Problem details
What needs transcribing is the line with "This is DOWNSTREAM" and every line after it to the end of the records, exactly and alone, with no pictures.

(Records from a data source)
══════

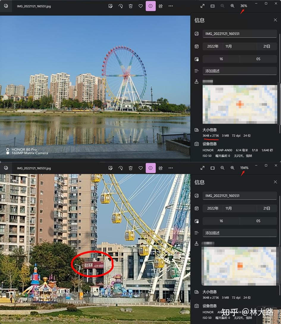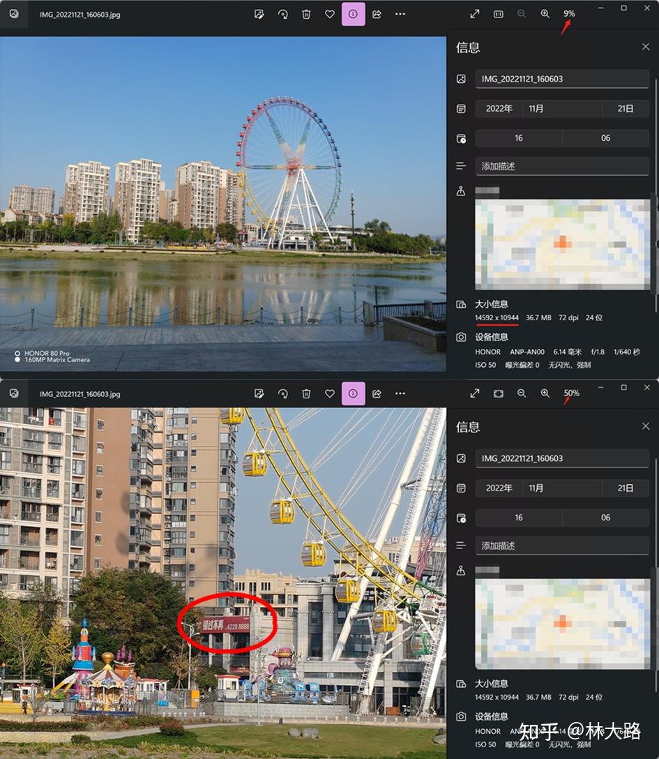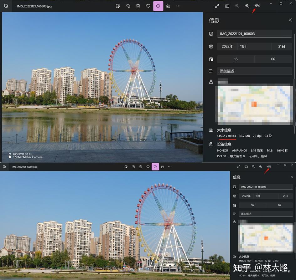 有的朋友可能会担心1.6亿像素模式下拍摄的照片文件太大了,我把1.6亿像素输出图片缩图到1000万像素之后,发现依然还是比模式直出的细节更好一些,这个就挺有意思了。
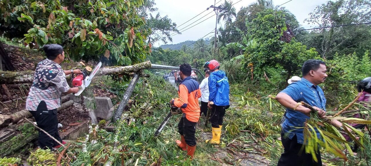 Camat Barangin, Irwan Junaidi, S.E, bersama jajaran kecamatan, Kepala Desa Santur Sri Adianto, anggota Polres Sawahlunto serta Tim BPBD Sawahlunto turun langsung ke lokasi untuk membantu penanganan darurat, termasuk membersihkan material pohon tumbang agar akses lalu lintas kembali terbuka.
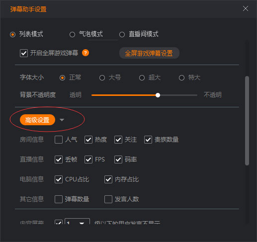 可以让你的弹幕助手显示房间、直播、电脑及其他信息,气泡模式与直播间模式没有此功能。弹幕助手目前可以屏蔽以下信息:这个就可以根据主播个人喜好来选择了。目前三种模式都可以屏蔽。
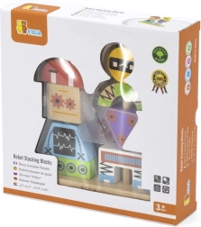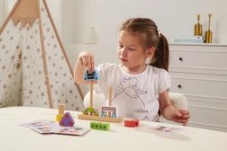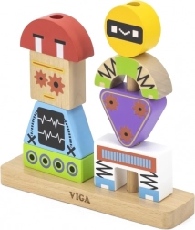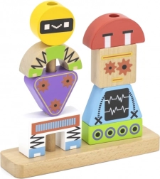 Otkrijte pametnu igračku koja raste s djecom. Drveni dijelovi raznih oblika i boja lako se stavljaju na igle baze i omogućuju slaganje različitih robotskih likova. Priložene kartice s predlošcima vode od jednostavnih do zahtjevnijih kombinacija te razvijaju koncentraciju i strpljenje.
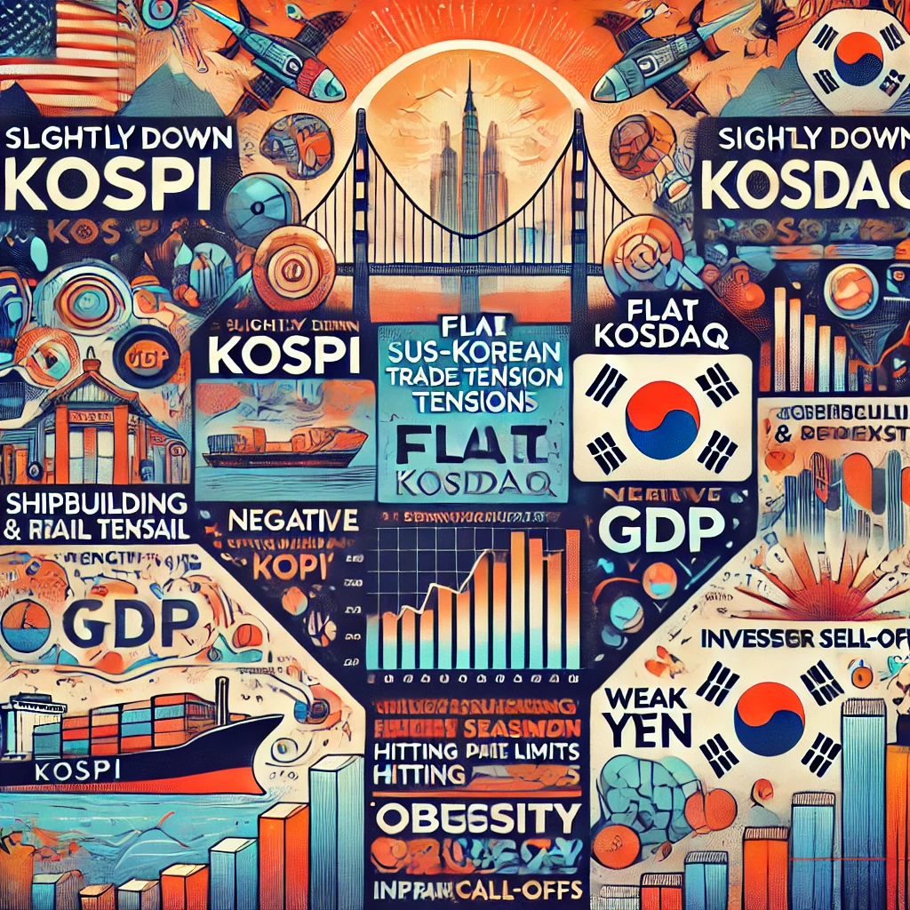 장중엔 美中 무역협상 기대감에 상승 출발했으나, 한국은행의 1분기 GDP 역성장 발표와 수급 부담으로 점차 하락 압력을 받았습니다.
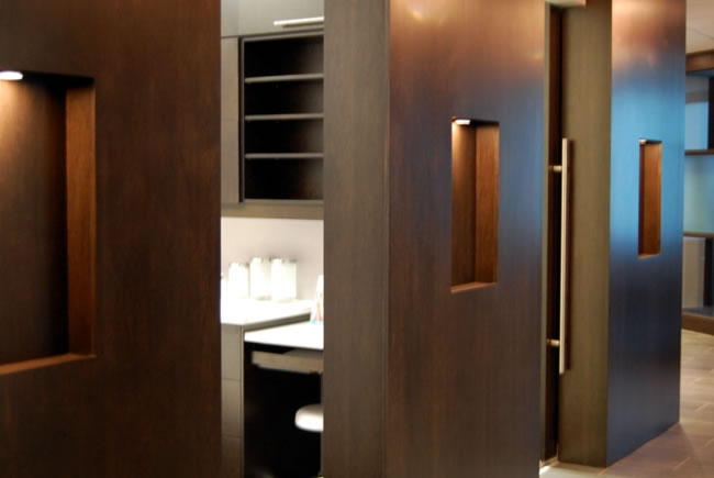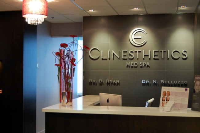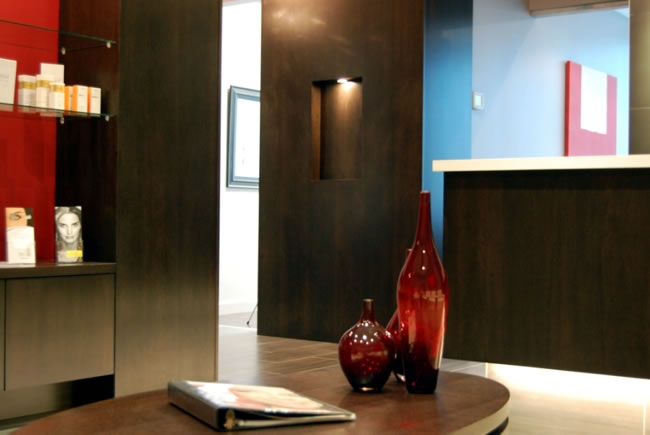 Clinesthetics A boutique spa specializing in non-surgical facial rejuvenation and aesthetics located in Vaughan. Dark rich contemporary millwork, clean lines, and white ‘clinic-like’ furnishings exude elegance and pampering befitting the services provided. |
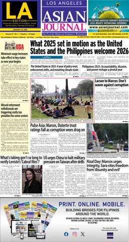 Teachers respond to this week’s deal to end week-long LAUSD strike THE Los Angeles teachers union on Tuesday, January 22 successfully negotiated with the school district on a new contract that effectively ended the union’s first strike in 30 years. From Jan. 14-22, one of the loudest protests in defense of quality public education spanned the Los Angeles Unified School District (LAUSD), which faced thunderous demands from the more than 30,000 members of United Teachers Los Angeles (UTLA) to lower class size, hire more teachers and school support staff, and increase pay, as previously reported by the Asian Journal. The union said that 81 percent of its members voted in favor of the tentative agreement, which addressed a majority of the teachers’ concerns. “For years, our students were being starved u PAGE A3
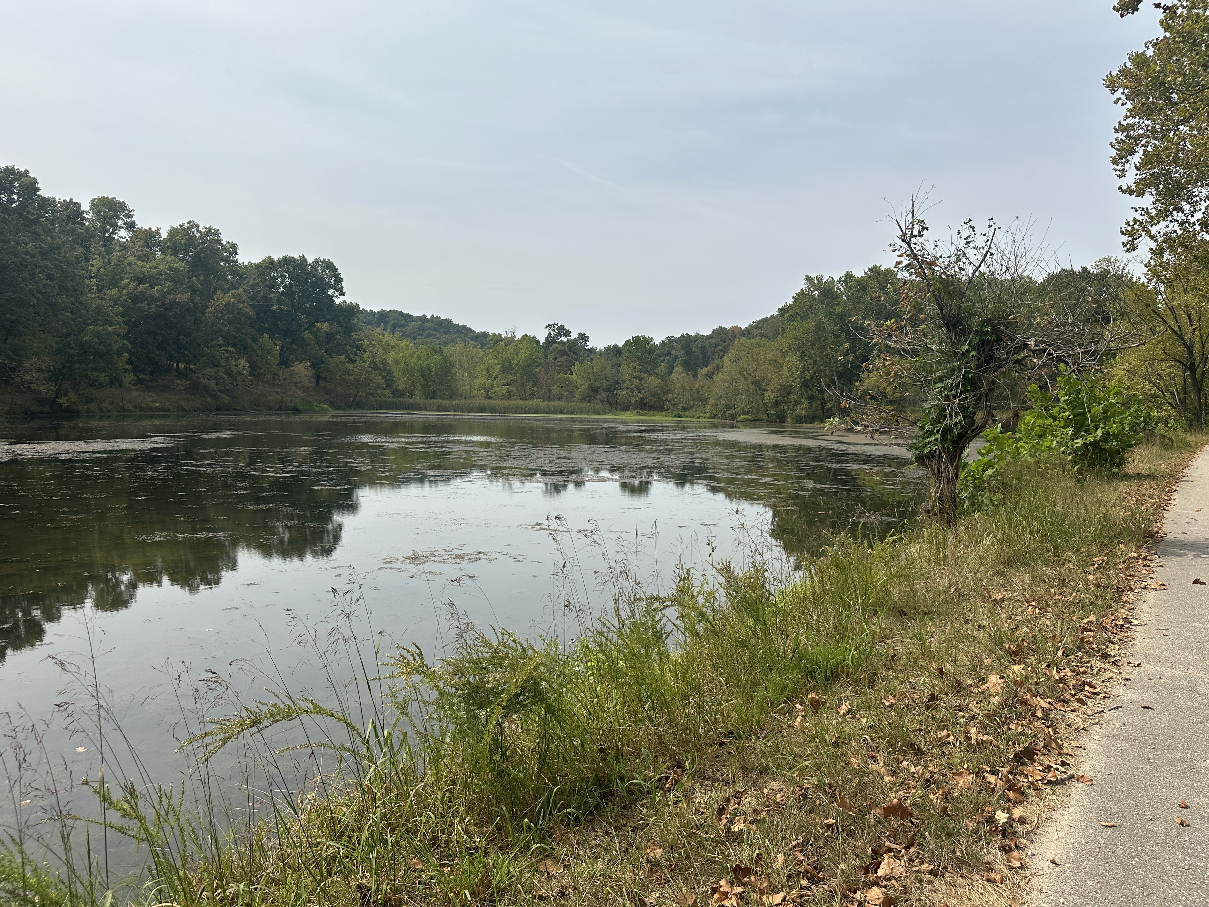 This is DOWNSTREAM from the dam. It is on the Osage River, and this water is tiny, nearly not moving, even has moss on its surface. |
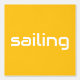 This sporty, modern design features horizontal white sleek SAILING text against a bright yellow orange background. The text and colours in this design can be personalised.
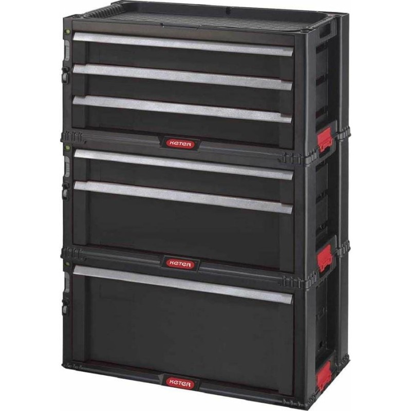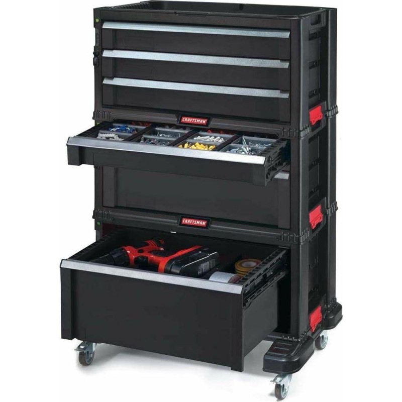 - Profis schätzen die Funktionalität, das große Fassungsvermögen und die kompakte Bauweise des Regals, das Folgendes umfasst: eine tiefe, große Schublade mit herausnehmbaren Trennwänden für größere und schwerere Werkzeuge, eine mittlere Schublade für kleinere Werkzeuge sowie 4 kleinere Schubladen für Kleinteile.
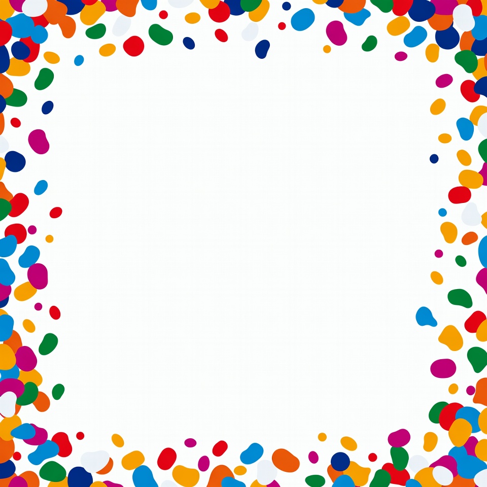 A vibrant border of multicolored confetti dots surrounds a large white empty space. The confetti features various shades of red, blue, yellow, green, orange, and purple. The design is simple and isolated on a white background.
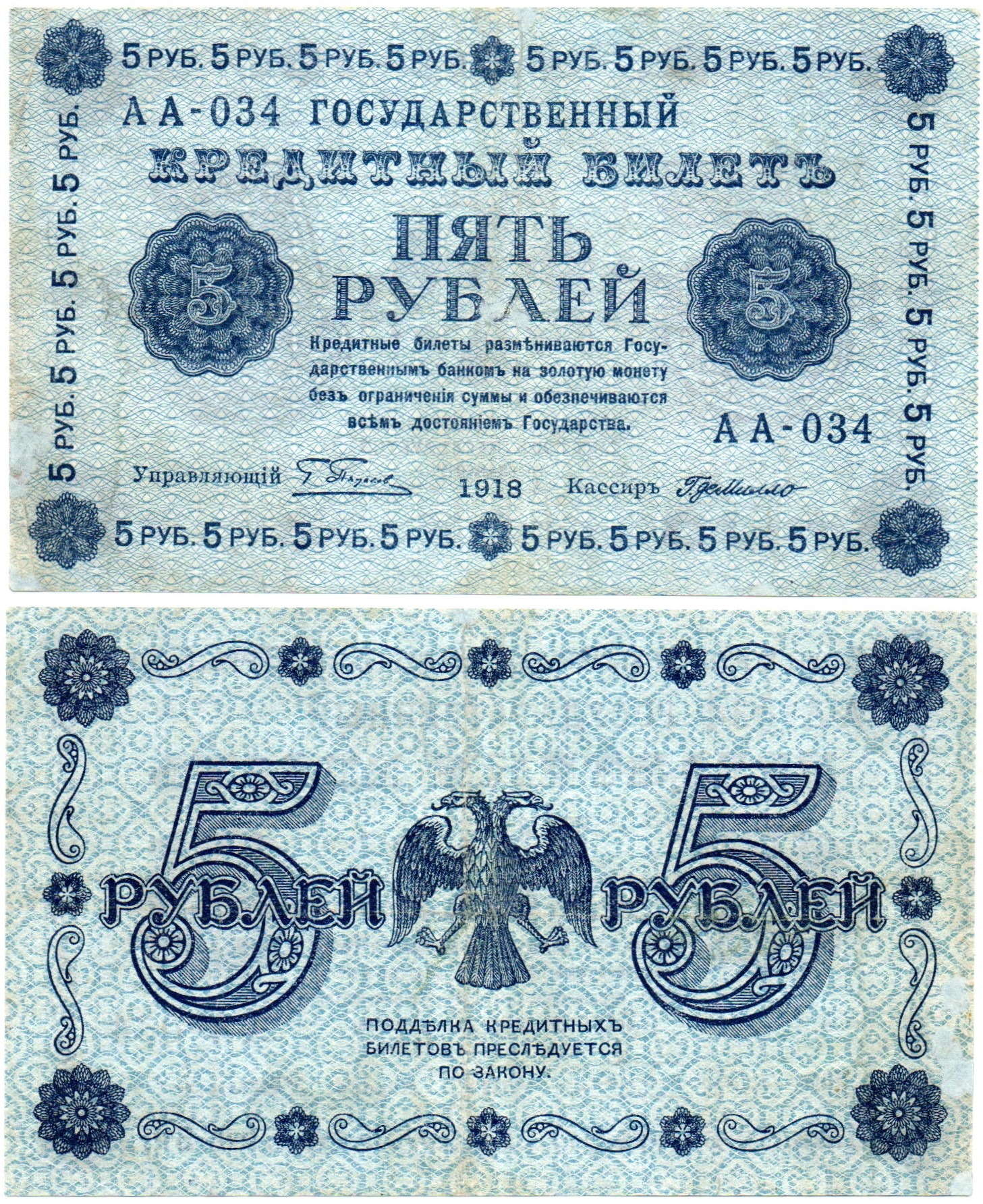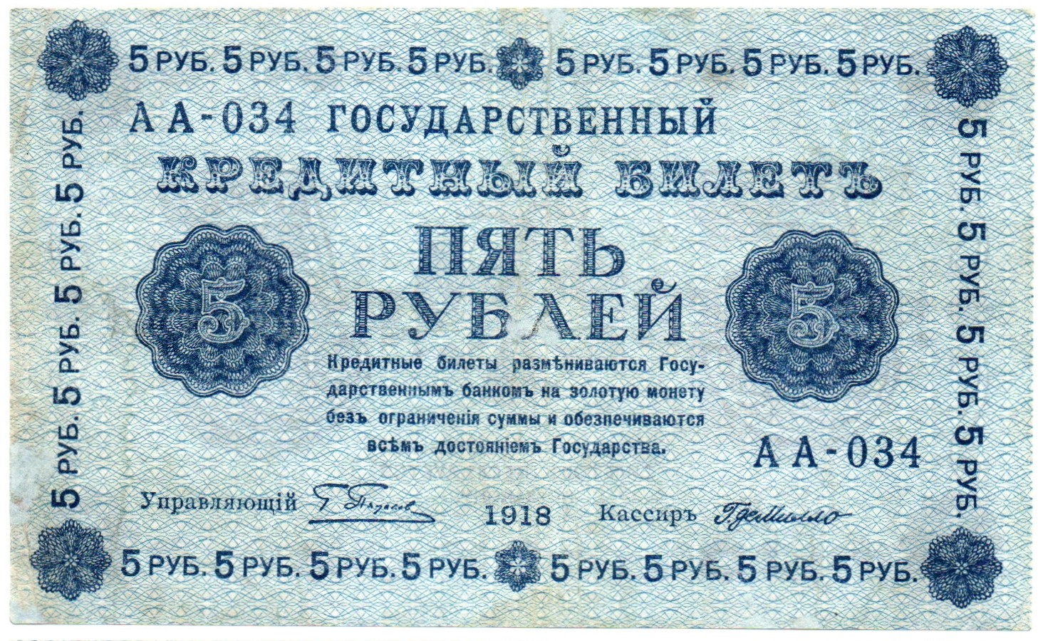 5 рублей 1918 г. Кредитный билет РСФСР. АА-034
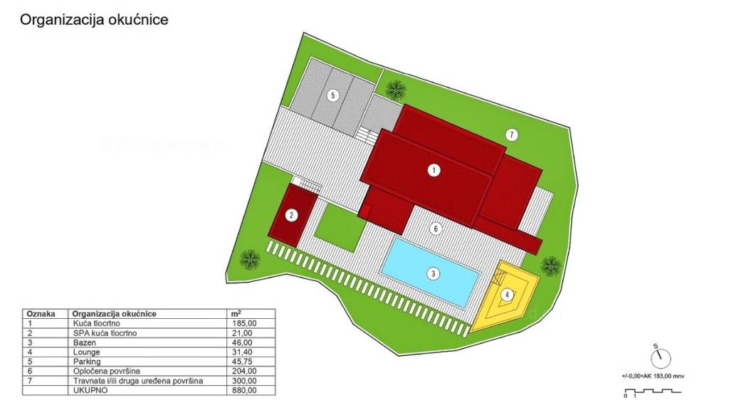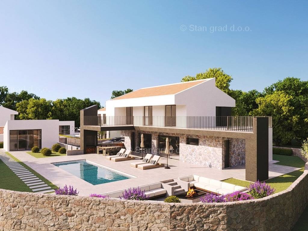Preostali dio kompletno uređene okućnice u površini približno 504 m2 upotpunjava veliki grijani bazen površine 46 m2 sa sunčalištem te lounge prostorom za opuštanje sa ložištem u sredini. Na dvorištu ove kuće uređeno je prostrano mjesto za komotno parkiranje minimalno 2 vozila. Nekretninu karakterizira visokokvalitetna gradnja te vrhunska oprema. Vila će biti opremljena kvalitetnom stolarijom, podnim oblozima od kvalitetne keramike i kamena, vrhunskim sanitarijama, stropnim klimama i podnim grijanjem na dizalicu topline. Sam okoliš će biti lijepo uređen mediteranskim biljem i zelenim površinama.

══════

Response area
 This is DOWNSTREAM from the dam. It is on the Osage River, and this water is tiny, nearly not moving, even has moss on its surface. |
 This sporty, modern design features horizontal white sleek SAILING text against a bright yellow orange background. The text and colours in this design can be personalised.
 - Profis schätzen die Funktionalität, das große Fassungsvermögen und die kompakte Bauweise des Regals, das Folgendes umfasst: eine tiefe, große Schublade mit herausnehmbaren Trennwänden für größere und schwerere Werkzeuge, eine mittlere Schublade für kleinere Werkzeuge sowie 4 kleinere Schubladen für Kleinteile.
 A vibrant border of multicolored confetti dots surrounds a large white empty space. The confetti features various shades of red, blue, yellow, green, orange, and purple. The design is simple and isolated on a white background.
 5 рублей 1918 г. Кредитный билет РСФСР. АА-034
Preostali dio kompletno uređene okućnice u površini približno 504 m2 upotpunjava veliki grijani bazen površine 46 m2 sa sunčalištem te lounge prostorom za opuštanje sa ložištem u sredini. Na dvorištu ove kuće uređeno je prostrano mjesto za komotno parkiranje minimalno 2 vozila. Nekretninu karakterizira visokokvalitetna gradnja te vrhunska oprema. Vila će biti opremljena kvalitetnom stolarijom, podnim oblozima od kvalitetne keramike i kamena, vrhunskim sanitarijama, stropnim klimama i podnim grijanjem na dizalicu topline. Sam okoliš će biti lijepo uređen mediteranskim biljem i zelenim površinama.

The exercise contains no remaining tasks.